Do not attempt 5k/50k threads locally. One laptop ≈ a few hundred light threads before the generator itself becomes the bottleneck. Scale on RedLine13.


B. RedLine13 Execution (cloud, no edits required)

  1. Validate locally first (Section A) — only upload green plans.
  2. RedLine13 → New Test → JMeter Test.
  3. Attach files:
    • Plan: jmx/LoadTest.jmx (or any plan).
    • Additional file: data/testdata.csv.
  4. JMeter Properties box — paste your environment + load profile, e.g.:
    base_url=app-perf.internal.company.com
    protocol=https
    port=443
    users=500
    rampup=180
    duration=900
    think_time_min=1000
    think_time_range=3000
    testdata_file=testdata.csv
    
  5. Generators: instance type + count + region (start: 1 × c5.large).
  6. Start and watch live RPS / response time / error% / active threads.
  7. Download the JTL when done; regenerate the HTML dashboard locally:
    jmeter -g results/redline13-results.jtl -o reports/redline13-run

Because the JMX uses filename-only data references and ${__P()} everywhere, no field needs editing after upload — change behaviour via the Properties box.


C. Production-Scale Execution (distributed, multi-region)

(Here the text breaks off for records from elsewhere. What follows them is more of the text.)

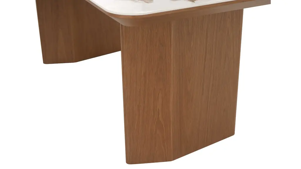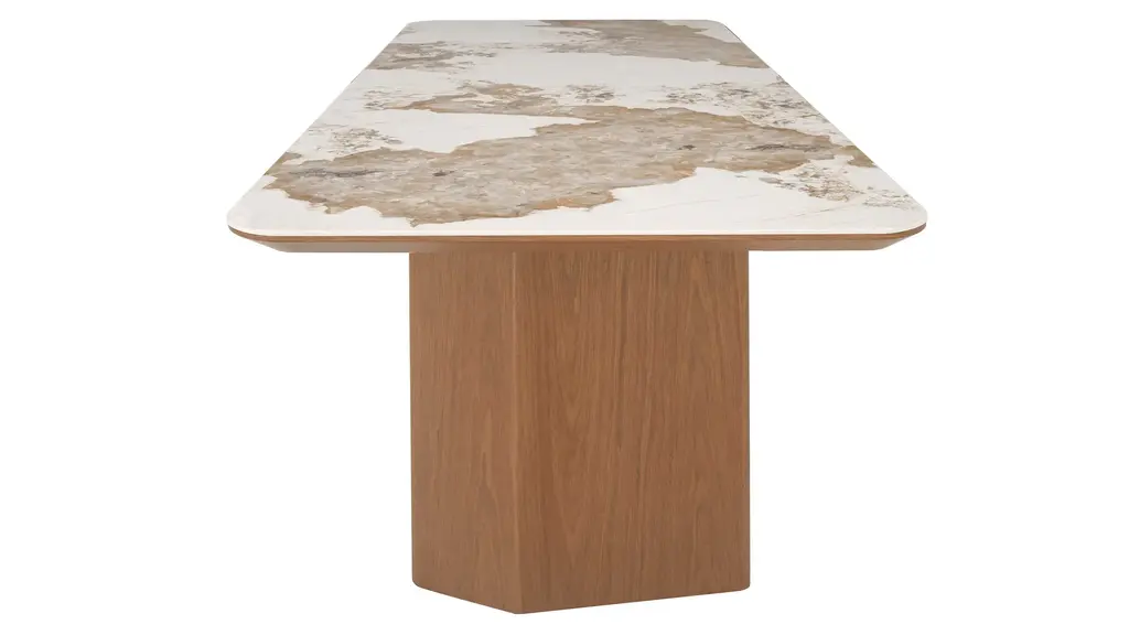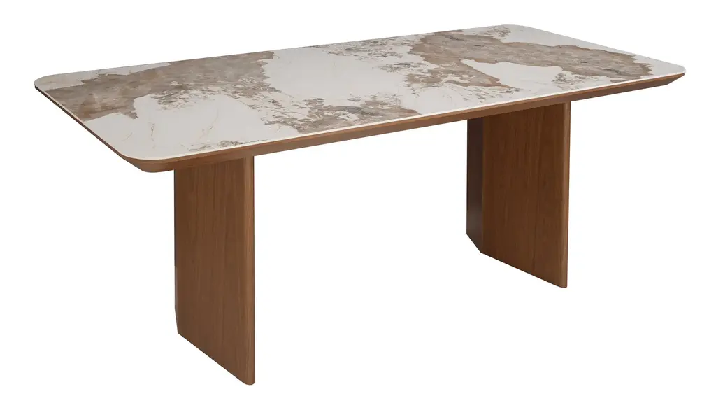 Ruby Dining Table with a unique taupe ceramic pattern. Gaze down on a beautiful marbleized ceramic top, supported by and blending effortlessly with a wooden double pedestal base in a warm walnut veneer.
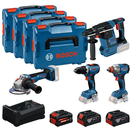 Ciocan rotopercutor (GBH 18V-26), 2.6J + Masina de gaurit si insurubat (GSR 18V-65), 63Nm + Surublenita cu impact (GDX 18V-285), 285Nm + Polizor unghiular (GWS 18V-11), 125 mm + 2x accu, 18V, 5 Ah + 1x accu Expert 5.5 Ah + Incarcator + 4x L-boxx
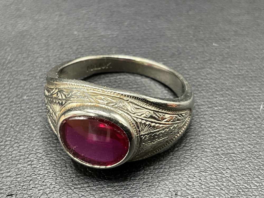 10K White Gold Ring with Ruby Colored Stone.
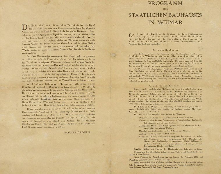 Im Ganzen erscheint das Innenleben des Faltblattes unharmonisch. Das Doppelblatt beinhaltet auf der linken Seite einen Manifesttext. Da auch hier eine Überschrift fehlt, wird uns das aber erst beim Lesen bewusst. Wir erfahren, dass es um eine neuartige Auffassung der Künstlerausbildung geht. Auf den folgenden Seiten drei und vier konkretisiert sich die Idee in einem Lehrprogramm. Aus der Großherzoglich Sächsischen Hochschule für bildende Kunst und der Großherzoglich Sächsischen Kunstgewerbeschule in Weimar soll ein sogenanntes „Bauhaus“ werden. Der Verfasser des Manifests erweist sich nicht nur als Prediger der Kunstschulreform, sondern auch als Direktor des neuen Instituts, wie wir auf Seite vier schließlich erfahren. Vielleicht erinnern wir uns an die kurze Meldung neulich in der Tageszeitung, welche die Übernahme des Direktorats vermeldete und den Namen des relativ unbekannten Berliner Architekten, Walter Gropius, erstmals nannte.
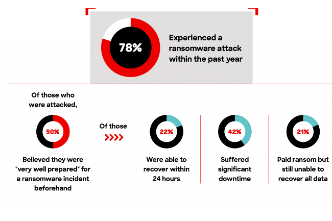 L’étude révèle également que les rançongiciels demeurent une menace majeure : 27 % des sociétés interrogées ont signalé une attaque au cours de l’année écoulée. Parmi les entités touchées, 80 % (entreprises assurées et non assurées) ont payé une rançon pour tenter de récupérer ou de protéger leurs données critiques. Et seulement 60% ont réussi à récupérer tout ou partie des données.
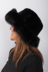 Feel spectacular in this luxurious traditional mink hat. The rich fox trim provides elegancy at its finest. The black on black creates a smooth blend between the combination of mink and fox. Whether it's paired with a fur coat, puffer, or a t-shirt, this hat ties together any outfit. A great gift item.
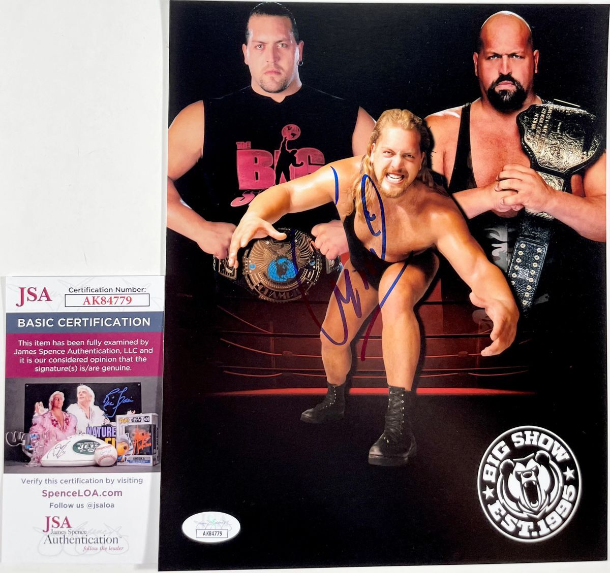 Professionally printed 8×10 photo, hand signed by former World Championship Wrestling (WCW) World Heavyweight Champion, The Giant. After leaving WCW, The Giant went on to win the WWE World Championship as The Big Show, and is currently a member of All Elite Wrestling (AEW) under the ring name Paul Wight. This is a clean, well placed signature that really pops off of this crisp, professionally printed 8×10 photo. Item has been authenticated by James Spence Authentications, and includes the JSA Certificate Of Authenticity card. JSA COA# AK84779

For 5k → 50k VUs. Treat as a coordinated event, not an ad-hoc run.

Pre-flight checklist

  • AWS configured per docs/AWS-Setup.md (IAM key, EC2 quota, SGs).
  • SUT allows generator IP ranges (network/firewall change approved).
  • Change window / sign-off obtained (especially anything touching PROD).
  • Test data volume sufficient (unique users/bookings) — expand data/testdata.csv so threads don't collide unrealistically.
  • Monitoring ready on the SUT side (APM, infra metrics, DB, logs).
  • Baseline captured (a Smoke/Load run for comparison).

Run

  1. Configure multiple generator groups, one per region, with users split by the traffic-share table (RedLine13-Guide.md §4).
  2. Match instance type/count to the scaling table (RedLine13-Guide.md §5).
  3. Stagger ramp: set rampup to ≥ 300–600s for 10k+ so you observe degradation curves, not a thundering herd.
  4. Start; monitor both RedLine13 (client-side) and SUT APM (server-side). Correlate response-time inflection with server CPU/DB/queue saturation.
  5. For Stress, let the staged thread groups climb until error% spikes — that inflection is the breaking point. For Soak, hold steady for hours and watch for slow memory growth / GC pressure / connection-pool exhaustion.

After

  • Confirm all generators terminated in EC2 (cost hygiene).
  • Archive JTL + HTML dashboard with the run metadata (date, build, profile).
  • Compare P95/P99, throughput, and error% against the baseline and SLAs.